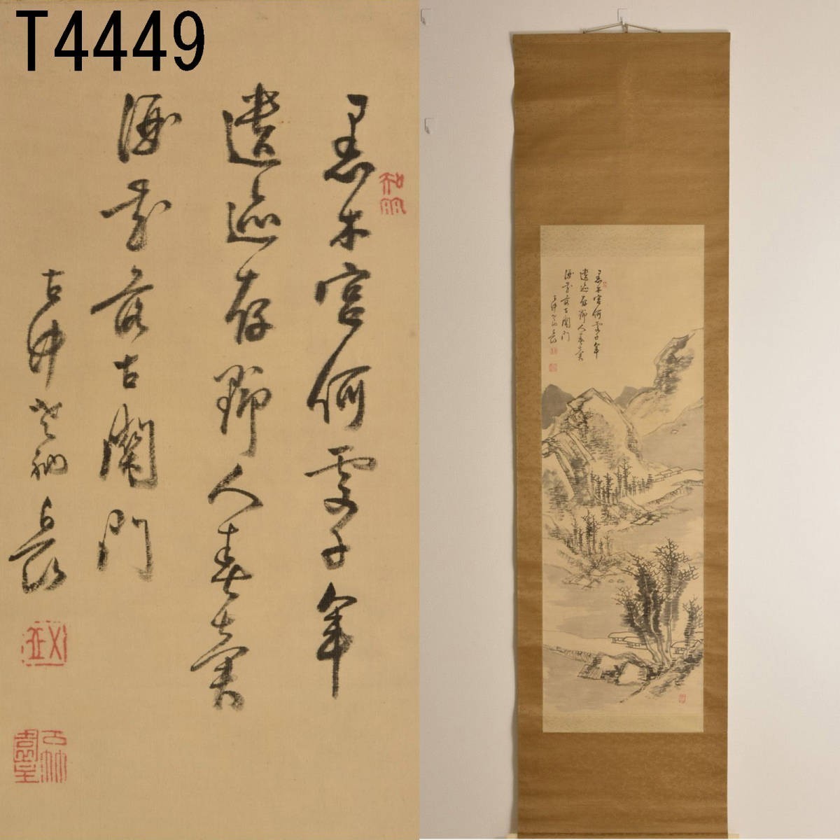 T04449 五岳上人之山水画 鑑定箱付 掛軸:真作
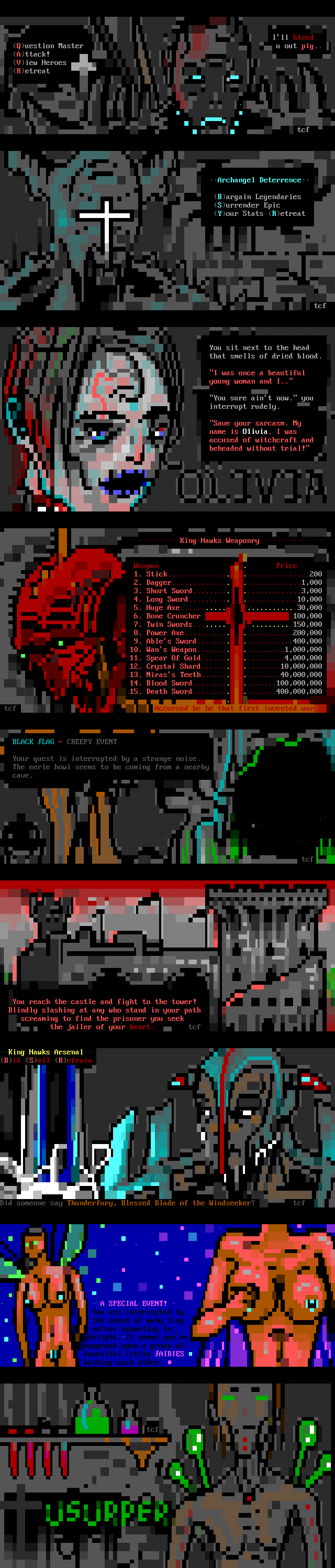 You reach the castle and fight to the tower! Blindly slashing at any who stand in your path screaming to find the prisoner you seek the jailer of your heart. tcf
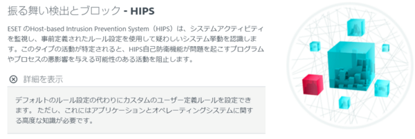 HIPSは、多くのESET製品に組み込まれている挙動ベースの検出フレームワークであり、詳細な検査な実行したりブロックしたりする必要がある疑わしい挙動について、下位レベルのAPI呼び出しを監視する高度な機能を提供します。
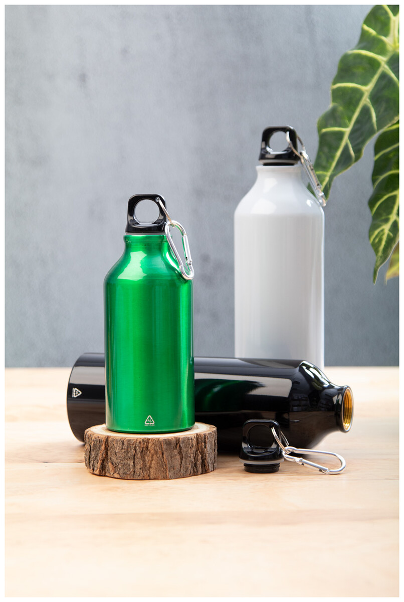 Láhev z recyklovaného hliníku s karabinkou z recyklovaného hliníku, 400 ml.
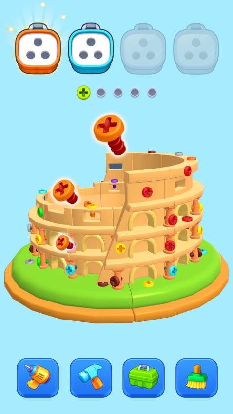 1、核心玩法圍繞觀察-拆除-消除展開(kāi),需要先分析建筑結(jié)構(gòu),規(guī)劃拆除順序,兼顧螺絲的顏色分類(lèi),實(shí)現(xiàn)高效操作。
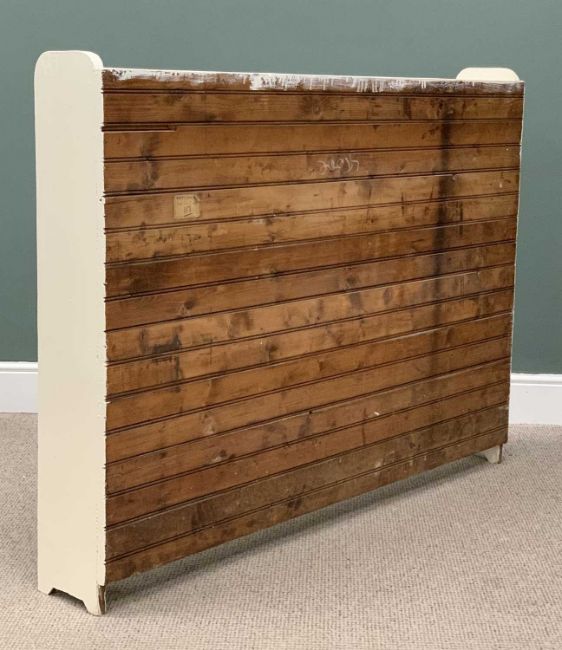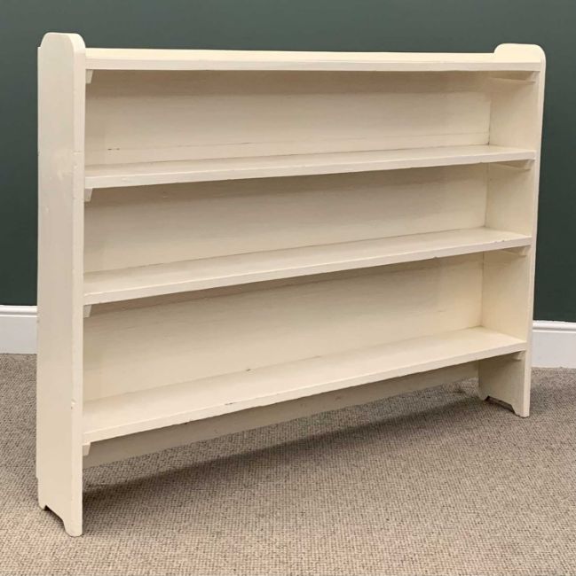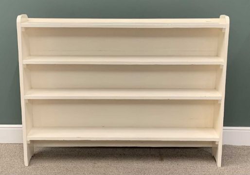 WHITE PAINTED VINTAGE BOOK/DISPLAY SHELVES, shaped ends, four open shelves, closed back, 116 (h) x 151 (w) x 23cms (d)Provenance: private collection Conwy
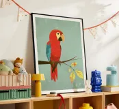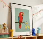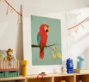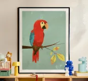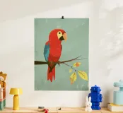 Pappagallo rosso appollaiato su un ramo circondato da foglie d'autunno poster con telaio in legno
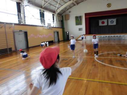 投げて打って 【4月18日(火)の4年生】 公開日 2017/04/18 更新日 2017/04/18 4年 ハンドベースボールの練習で、お互いに投げて打ち返す練習をしました。ボールが変なほうへ行くこともありましたが、投げられたボールを上手に打ち返すことができました。
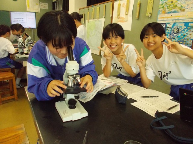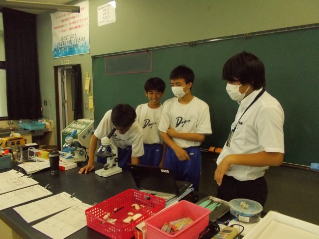理科の授業です。玉葱の細胞を顕微鏡で見ています。
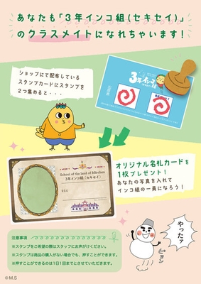 また「コジコジポップアップショップ 3年インコ組(セキセイ)」の店頭ではスタンプカードを配付いたします。スタンプカードにスタンプを2つ集めたお客様には、オリジナル名札カードを1枚プレゼント。スタンプは商品の購入がない場合でも、来店ごとに1日1回まで押すことが可能です。
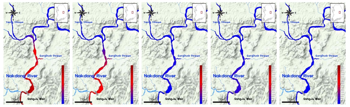 Map of spatial changes in Aphanizomenon spp. cell densities (cells/ml) for 15 days in the upper region of the Nakdong River.
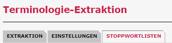 Im Reiter “Stoppwortlisten” können Sie eigene Stoppwortlisten importieren und verwalten. Eine Stoppwortliste enthält Wörter, die von der Extraktion ausgeschlossen werden sollen. Sie können z.B. eine Standardliste verwenden und zusätzlich eine Liste, die Sie für einen spezifischen Anwendungsfall erstellt haben.
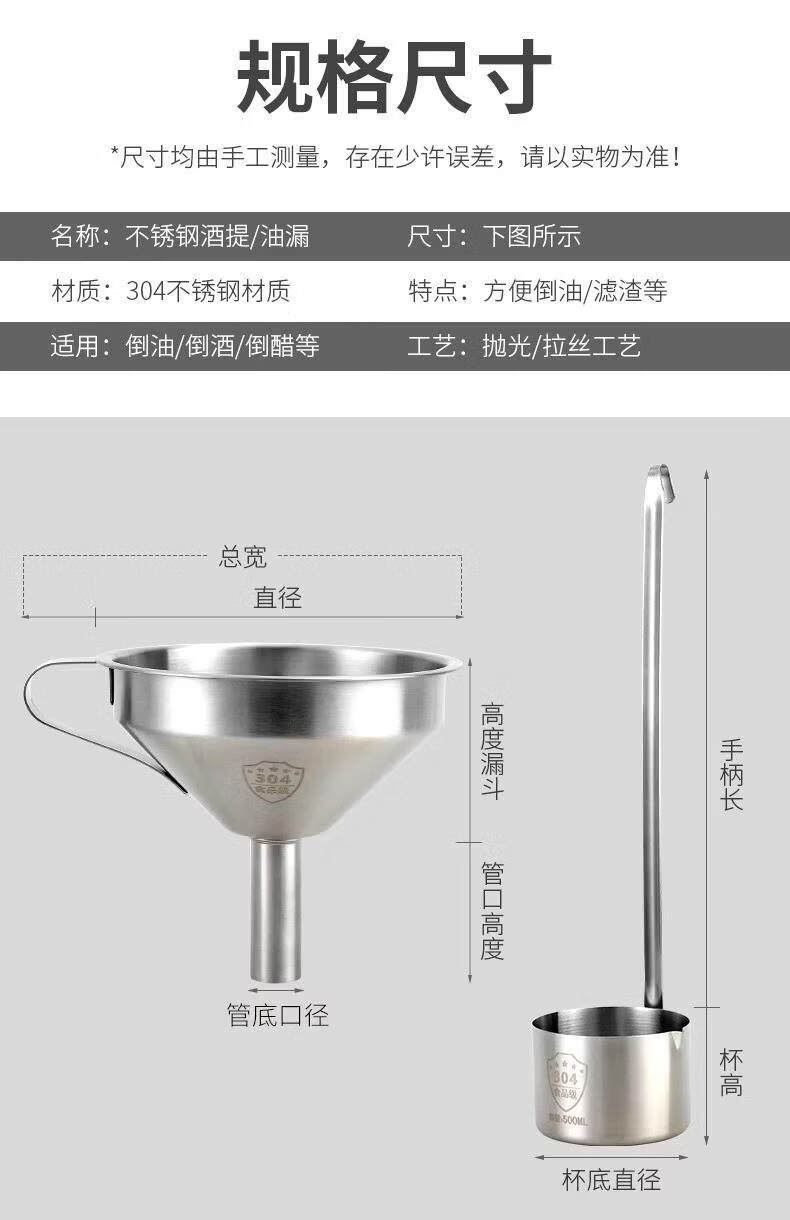 304 stainless steel long-handled wine grapes, household wine brewer, wine scooping artifact, wine + funnel, half a catty, 304 l thick stainless steel, diameter 8
- - -
Transcribe the entries above verbatim, excluding any image.

 T04449 五岳上人之山水画 鑑定箱付 掛軸:真作
 You reach the castle and fight to the tower! Blindly slashing at any who stand in your path screaming to find the prisoner you seek the jailer of your heart. tcf
 HIPSは、多くのESET製品に組み込まれている挙動ベースの検出フレームワークであり、詳細な検査な実行したりブロックしたりする必要がある疑わしい挙動について、下位レベルのAPI呼び出しを監視する高度な機能を提供します。
 Láhev z recyklovaného hliníku s karabinkou z recyklovaného hliníku, 400 ml.
 1、核心玩法圍繞觀察-拆除-消除展開(kāi),需要先分析建筑結(jié)構(gòu),規(guī)劃拆除順序,兼顧螺絲的顏色分類(lèi),實(shí)現(xiàn)高效操作。
 WHITE PAINTED VINTAGE BOOK/DISPLAY SHELVES, shaped ends, four open shelves, closed back, 116 (h) x 151 (w) x 23cms (d)Provenance: private collection Conwy
 Pappagallo rosso appollaiato su un ramo circondato da foglie d'autunno poster con telaio in legno
 投げて打って 【4月18日(火)の4年生】 公開日 2017/04/18 更新日 2017/04/18 4年 ハンドベースボールの練習で、お互いに投げて打ち返す練習をしました。ボールが変なほうへ行くこともありましたが、投げられたボールを上手に打ち返すことができました。
理科の授業です。玉葱の細胞を顕微鏡で見ています。
 また「コジコジポップアップショップ 3年インコ組(セキセイ)」の店頭ではスタンプカードを配付いたします。スタンプカードにスタンプを2つ集めたお客様には、オリジナル名札カードを1枚プレゼント。スタンプは商品の購入がない場合でも、来店ごとに1日1回まで押すことが可能です。
 Map of spatial changes in Aphanizomenon spp. cell densities (cells/ml) for 15 days in the upper region of the Nakdong River.
 Im Reiter “Stoppwortlisten” können Sie eigene Stoppwortlisten importieren und verwalten. Eine Stoppwortliste enthält Wörter, die von der Extraktion ausgeschlossen werden sollen. Sie können z.B. eine Standardliste verwenden und zusätzlich eine Liste, die Sie für einen spezifischen Anwendungsfall erstellt haben.
 304 stainless steel long-handled wine grapes, household wine brewer, wine scooping artifact, wine + funnel, half a catty, 304 l thick stainless steel, diameter 8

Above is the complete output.